The optimal strategy for identifying hot spots depends on the property being targeted. Catalytic properties such as activity, specificity and stereoselectivity are often related to amino acid residues that mediate substrate binding, transition-state stabilization or product release (7,8). Such residues can be identified using tools for predicting and analyzing enzyme-ligand interactions (9–11) or detecting binding pockets or access tunnels (12–14). Strategies for improving protein stability include rigidification of flexible sites, cavity-filling, tunnel engineering, consensus and ancestral mutation methods, or redesigning of surface charges (15–17). While hot spots for some of these strategies can be identified straightforwardly using a single computational tool (18), others require multi-step analyses or the use of molecular modelling methods (19). Having obtained a set of promising sites for manipulating the desired property, the next challenge is to draw up a list of allowed substitutions at individual positions. This can be done by considering the amino acid distribution at the corresponding positions in sequence homologs (20,21), by using reduced sets of amino acids with either specific desired physicochemical properties or a balanced set of these properties (22,23), or on the basis of the predicted effects of specific substitutions on the protein's properties (24,25). Finally, an appropriate degenerate codon covering the specified set of amino acids must be selected for each targeted position. Ideally, these codons should exhibit minimal amino acid bias and minimize the frequency of premature stop codons (26). Several tools are available to facilitate this task and to calculate the size of the designed library (27).
Here, we present HotSpot Wizard 2.0, a web server for the automated identification of hot spots and design of smart libraries for engineering protein stability, enzymatic activity, substrate specificity and enantioselectivity. Compared to its predecessor (28), HotSpot Wizard 2.0 introduces several major improvements, extending the scope and quality of its analyses. It implements four different established protein engineering strategies, enabling the user to selectively target sites affecting the protein's stability and catalytic properties.

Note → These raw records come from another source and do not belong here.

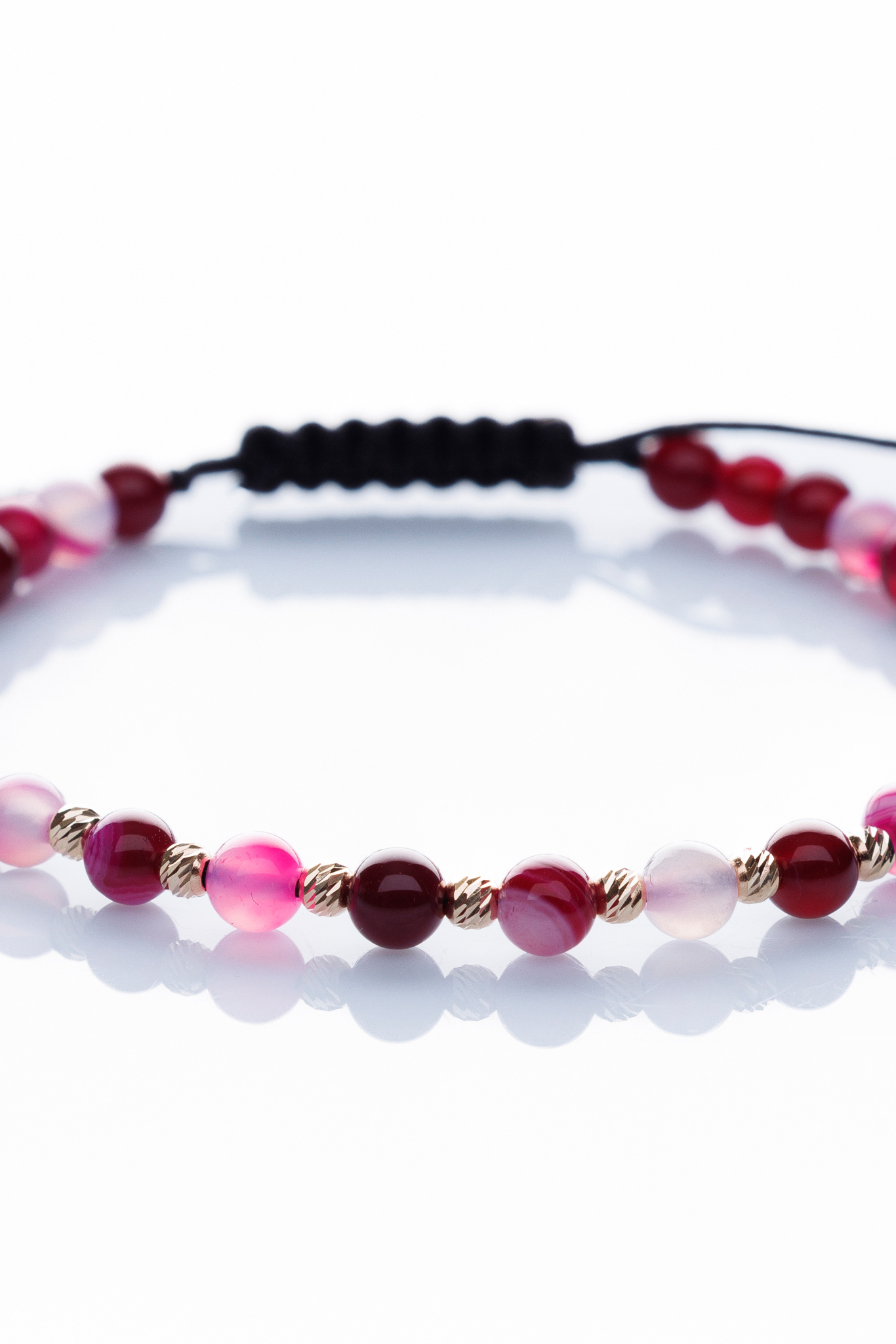 Folosind aur de 14k de înaltă calitate(import Italia), am creat această bijuterie elegantă și strălucitoare, care este perfectă pentru a fi purtată în orice ocazie. Bilele din aur de 14k sunt frumos lucrate, reflectând lumina într-un mod unic și atrăgător. Acestea se armonizează frumos cu celelalte componente ale brățării, cum ar fi pietrele semipretiose din Agat.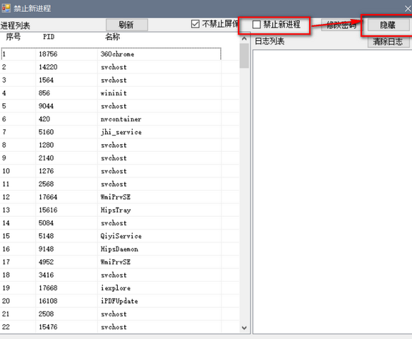对于家里有电脑的家长来讲,如何防止小孩子在用电脑时玩游戏,隐藏进程是一个好办法,这里多多小编带来了禁止新进程官方版,这是一款完全免费的进程隐藏工具,可以将新加入的进程全部禁止,并加入隐藏,从而更好的管理用户的进程,防止小孩子上课玩游戏。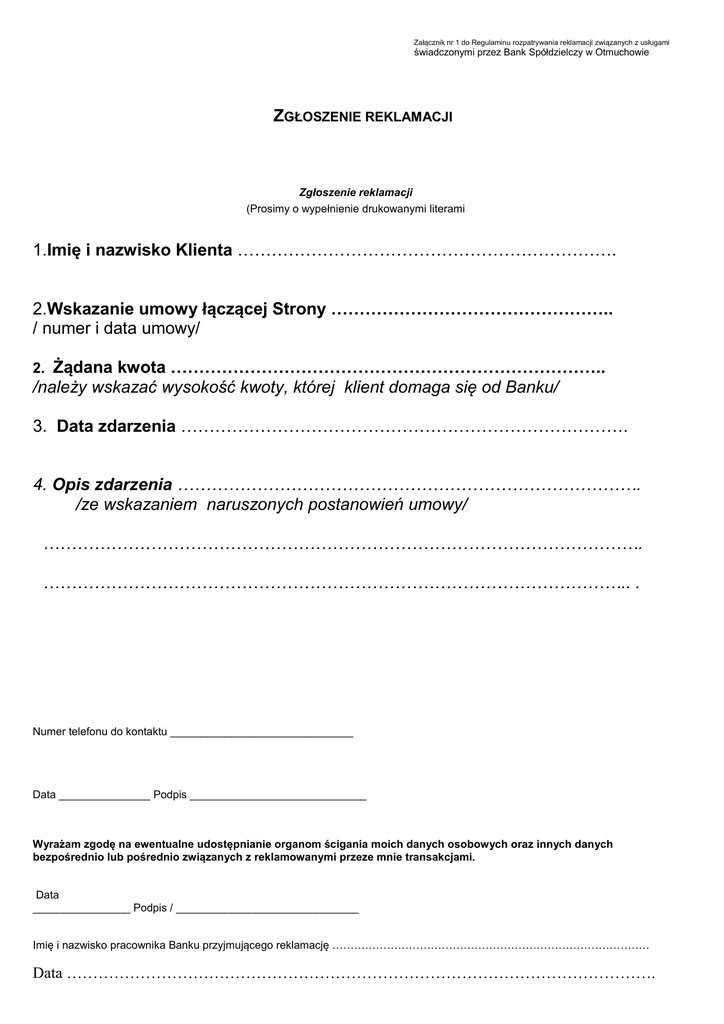 Załącznik nr 1 do Regulaminu rozpatrywania reklamacji związanych z usługami świadczonymi przez Bank Spółdzielczy w Otmuchowie ZGŁOSZENIE REKLAMACJI Zgłoszenie reklamacji (Prosimy o wypełnienie drukowanymi literami 1.Imię i nazwisko Klienta …………………………………………………………. 2.Wskazanie umowy łączącej Strony ………………………………………….. / numer i data umowy/ 2. Żądana kwota ………………………………………………………………….. /należy wskazać wysokość kwoty, której klient domaga się od Banku/ 3. Data zdarzenia ……………………………………………………………………. 4. Opis zdarzenia ………………………………………………………………………. /ze wskazaniem naruszonych postanowień umowy/ ……………………………………………………………………………………………. ………………………………………………………………………………………….. . Numer telefonu do kontaktu ______________________________ Data _______________ Podpis _____________________________ Wyrażam zgodę na ewentualne udostępnianie organom ścigania moich danych osobowych oraz innych danych bezpośrednio lub pośrednio związanych z reklamowanymi przeze mnie transakcjami. Data ________________ Podpis / ______________________________ Imię i nazwisko pracownika Banku przyjmującego reklamację …………………………………………………………………………… Data ………………………………………………………………………………………………….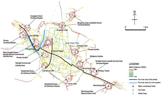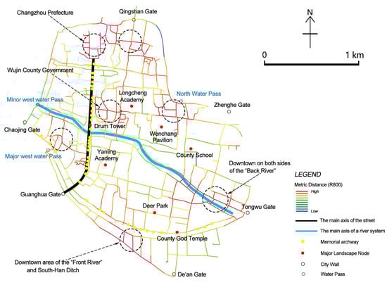 The foreground network analysis is shown in Figure 5: (1) The foreground network is constituted by the core collaboration of streets and rivers. The NAIN core value of the street network points to “Fuzhi Street” and “South Street” leading to Guanghua Gate in front of “Changzhou Mansion”, while the core value of the river network NAIN is displayed along the south moat of the outer city and Gutang River (the Back River), both of which together constitute the core spatial structure of the city. (2) Numerous structures symbolizing ritual thoughts, and the Memorial archway, are installed on both sides of the Core Integration Degree Street (Fuzhi Street). Important cultural landmarks are located symmetrically on both sides of the core river: the county school and the county Chenghuang Temple, Wenchang Pavilion and Lu Garden, Longcheng Academy, and Yanling Academy, and the Drum Tower is located at the intersection of the two core networks. Historical maps clearly show multiple-step patterns along the core river, indicating a strong interaction between residential life and the river. (3) The NACH model of the river network shows the dominance of the canal system for transportation and traffic in the city during this period, and the network of the canal system, as an important basis for dividing neighborhoods, has a significant impact on the spatial configuration of the city. The background network analysis is shown in Figure 6: the city gate effect is significant. In the background network analysis, the patchwork partition formed at the metric distance R = 800 m had some correspondence with transportation nodes, such as city gates and water gates (Figure 6).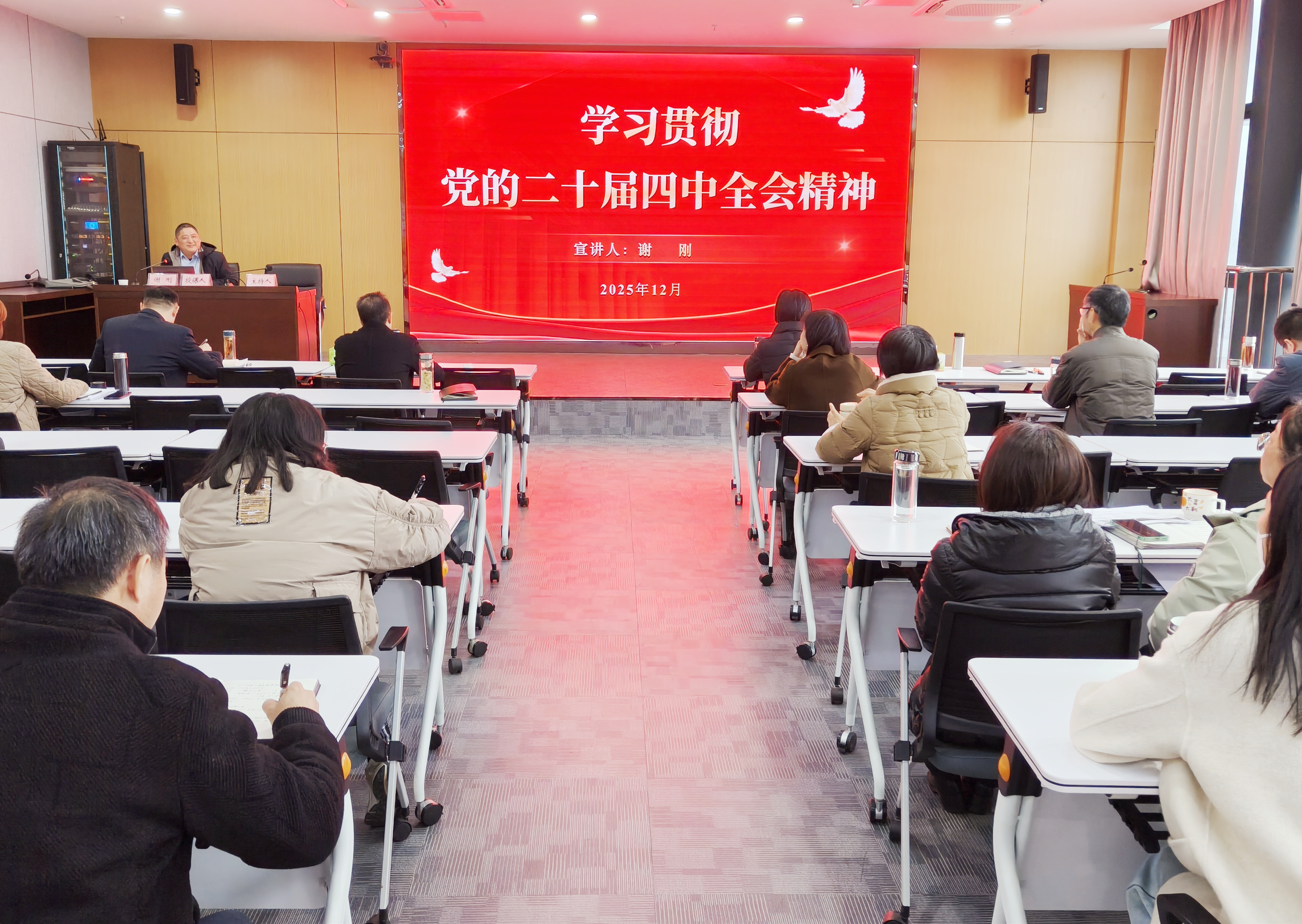 - 為進(jìn)一步學(xué)習(xí)好、宣傳好、貫徹好黨的二十屆四中全會(huì)精神,把思想和行動(dòng)迅速統(tǒng)一到黨中央的決策部署上來(lái),12月22日,市擔(dān)保集團(tuán)舉行“舉旗幟·送理論”學(xué)習(xí)貫徹黨的二十屆四中全會(huì)精神專題宣講報(bào)告會(huì),邀請(qǐng)滁州廣播電視大學(xué)黨委委員、副校長(zhǎng)謝剛作專題宣講報(bào)告,集團(tuán)及子公司全體干部職工參加學(xué)習(xí)。 報(bào)告系統(tǒng)闡釋了黨的二十屆四中全會(huì)的重大歷史意義、核心精神實(shí)質(zhì)和實(shí)踐要求,重點(diǎn)解讀了“十五五”時(shí)期發(fā)展指導(dǎo)方針、主要目標(biāo)和戰(zhàn)略任務(wù),并結(jié)合近期中央政治局會(huì)議及中央經(jīng)濟(jì)工作會(huì)議,為國(guó)有企業(yè)如何貫徹落實(shí)全會(huì)精神、把握經(jīng)濟(jì)大勢(shì)、融入國(guó)家戰(zhàn)略提供了細(xì)致的解讀與指導(dǎo),宣講內(nèi)容實(shí)踐性強(qiáng)、啟發(fā)性足。 會(huì)議強(qiáng)調(diào),學(xué)習(xí)貫徹全會(huì)精神,貴在理解、重在落實(shí),集團(tuán)全體干部職工要以此次報(bào)告會(huì)為契機(jī),在深化學(xué)習(xí)、融會(huì)貫通、擔(dān)當(dāng)實(shí)干上持續(xù)用力,切實(shí)把學(xué)習(xí)成果轉(zhuǎn)化為攻堅(jiān)克難、推動(dòng)發(fā)展的具體行動(dòng),全力完...

Users can easily select suitable substitutions for individual hot spots based on predictions of tolerated amino acids or amino acid distributions in sequence homologs, and suitable degenerate codons for these substitutions can be designed automatically via the HotSpot Wizard interface. A new graphical user interface provides an intuitive and comprehensive overview of the results of the analysis, allowing users to think directly about the obtained designs. The resulting pipeline of twenty integrated tools and three databases represents a unique one-stop solution that makes library design accessible even to users with no prior knowledge of bioinformatics.
MATERIALS AND METHODS
The workflow of HotSpot Wizard is outlined in Figure 1. In order to explore the mutational landscape and find the most promising mutagenesis targets, a protein selected by the user is annotated using several prediction tools and databases (Phase 1). With this knowledge in hand, four protein engineering strategies are used to identify suitable hot spots for improving desired protein properties (Phase 2). Finally, suitable substitutions and appropriate degenerate codons are proposed for each selected hot spot, enabling the design of a smart library (Phase 3).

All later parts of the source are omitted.